Our previous structural studies have shown that 5 PIDD DD and 7 RAIDD DD molecules cooperatively assemble into a large oligomeric structure and that the DD interaction between PIDD and RAIDD forms the core oligomerization platform of the PIDDosome [20]. To further elucidate how RAIDD, PIDD and caspase-2 assemble into the PIDDosome, we attempted to reconstitute the core interactions in the PIDDosome in vitro. Our results revealed that although RAIDD CARD and RAIDD DD interacted with caspase-2 CARD and PIDD DD, respectively, full-length RAIDD failed to interact with either caspase-2 CARD or PIDD DD at a physiological buffer condition. We characterized the aggregation property of full-length RAIDD and showed that high salt dramatically reduced RAIDD aggregation and precipitation. However, we further showed that reducing RAIDD aggregation did not promote complex formation. Instead, a low salt condition facilitated both RAIDD binary and ternary complex formation. These studies established the basis for future structural studies on the PIDDosome.

Materials and methods

Protein expression and purification

The cDNA of full length human RAIDD (1-199) was used as a template for PCR and plasmid vector pET26b (Novagen) was used to add a hexa-histidine tag at the carboxy-terminus of RAIDD (1-199) and RAIDD CARD (2-93) for affinity purification. PCR products of full length RAIDD and RAIDD CARD were digested with NdeI and XhoI (NEB) restriction enzymes and were ligated into pET26b. The cloning process for RAIDD DD (94-199) and PIDD DD (777-883) was introduced elsewhere [25]. The cDNA of mouse caspase-2 was used as a template for PCR and pGEX 4T-3 plasmid vector (Novagen) was used to add GST (Glutathione S-transferase) tag at the carboxy-terminus of Casapse-2 CARD (32-121). For sub-cloning, BamHI and XhoI restriction enzymes were used.

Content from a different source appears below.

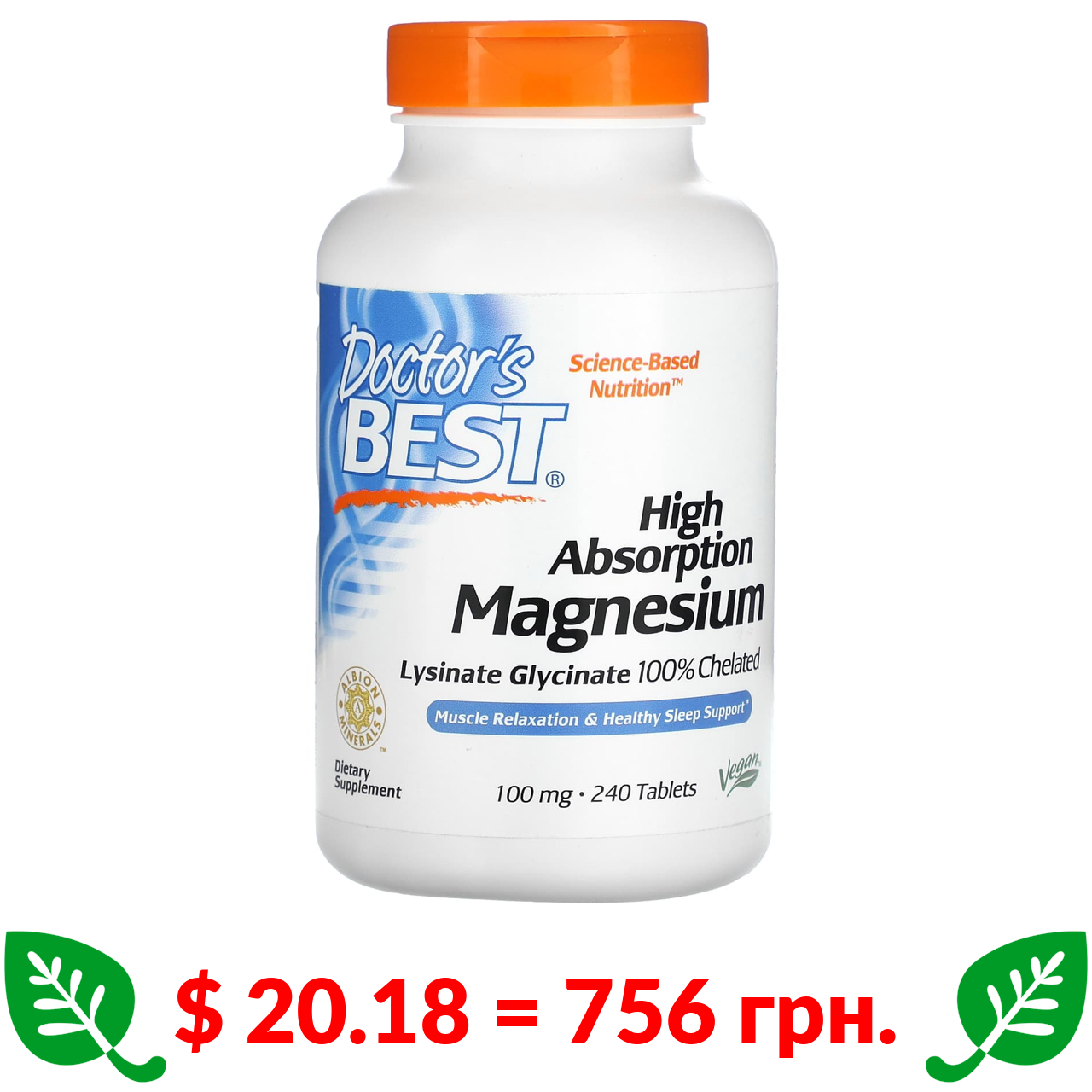 $ 20.18 = 756 грн. Doctor’s Best, повністю хелатований легко засвоюваний магній з Albion Minerals, 100 мг, 240 таблеток

Recombinant RAIDD CARD, RAIDD DD and PIDD DD was expressed in E.coli BL21 (DE3) RILP and purified as previously described [25]. Full-length RAIDD and GST-tagged Caspase-2 CARD were expressed in BL21 (DE3) E.coli line. The purification process for full-length RAIDD was similar with the process used for RAIDD DD. Briefly, the expression was induced by 0.5 mM isopropyl-β-D-thiogalactopyranoside (IPTG) for overnight at 20°C. The bacteria were then collected, resuspended and lysed by sonication in 80 ml lysis buffer (20 mM Tris-HCl at pH 7.9, 500 mM NaCl, 10 mM imidazole, and 5 mM β-ME). The cell debris was removed by centrifugation at 16,000 rpm for 1 hour at 4°C. His-tagged target was purified by affinity chromatography using Ni-NTA beads (Qiagen) and gel-filtration chromatography using S-200 (GE healthcare) pre-equilibrated with buffer containing 20 mM Tris-HCl pH 8.0, 150 mM NaCl, 1 mM DTT. GST fusion protein containing caspase-2 CARD was purified using glutathione-sepharose 4B affinity chromatography column. To obtain a ternary complex, we co-expressed RAIDD, PIDD DD and caspase-2 CARD.

Pull-down assay

Co-expression system was used to perform pull-down assay. RAIDD and RAIDD CARD in pET 26b vector were co-transformed with caspase-2 CARD in pGEX4T-3 vector separately into BL21(DE3) E.coli competent cells. Expression was induced with 0.5 mM IPTG overnight at 20°C. The cells were collected and lysed by sonication in lysis buffer (20 mM Tris buffer at pH 7.9, 500 mM NaCl, 10 mM imidazole). The lysate was then removed by centrifugation and the supernatant fractions were applied to gravity-flow column (Bio-rad) packed with Ni-NTA affinity beads (Qiagen). The unbound bacterial proteins and overexpressed caspase-2 CARD fused to GST were removed from the column using washing buffer (20 mM Tris-HCl at pH 7.9, 500 mM NaCl, 60 mM imidazole, 10 % glycerol). Stable complex was detected by SDS-PAGE.

Native PAGE shift assay

Protein interaction between RAIDD and PIDD DD and between RAIDD DD and PIDD DD was monitored by Native (non-denaturing) PAGE on a PhastSystem (GE Healthcare) with pre-made 8-25% acrylamide gradient gels (GE Healthcare). Separately purified proteins were pre-incubated at room temperature for 1 hour before loading on the gel. Coomassie Brilliant Blue was used for staining and detection a shifted band.

Gel-filtration chromatography

For gel filtration analysis to detect complex formation, purified RAIDD was mixed with a molar excess of PIDD DD and applied to a gel-filtration column (Superdex 200 HR 10/30, GE healthcare) which was pre-equilibrated with a solution 20 mM Tris-HCl pH 8.0, 50 mM NaCl and 1 mM DTT. The fractions were collected and subjected to SDS-PAGE. Similar methods were used to detect ternary complex.

Solubility assay

The general strategy of solubility assay was based on the method introduced by Bondos and Bicknell 2006.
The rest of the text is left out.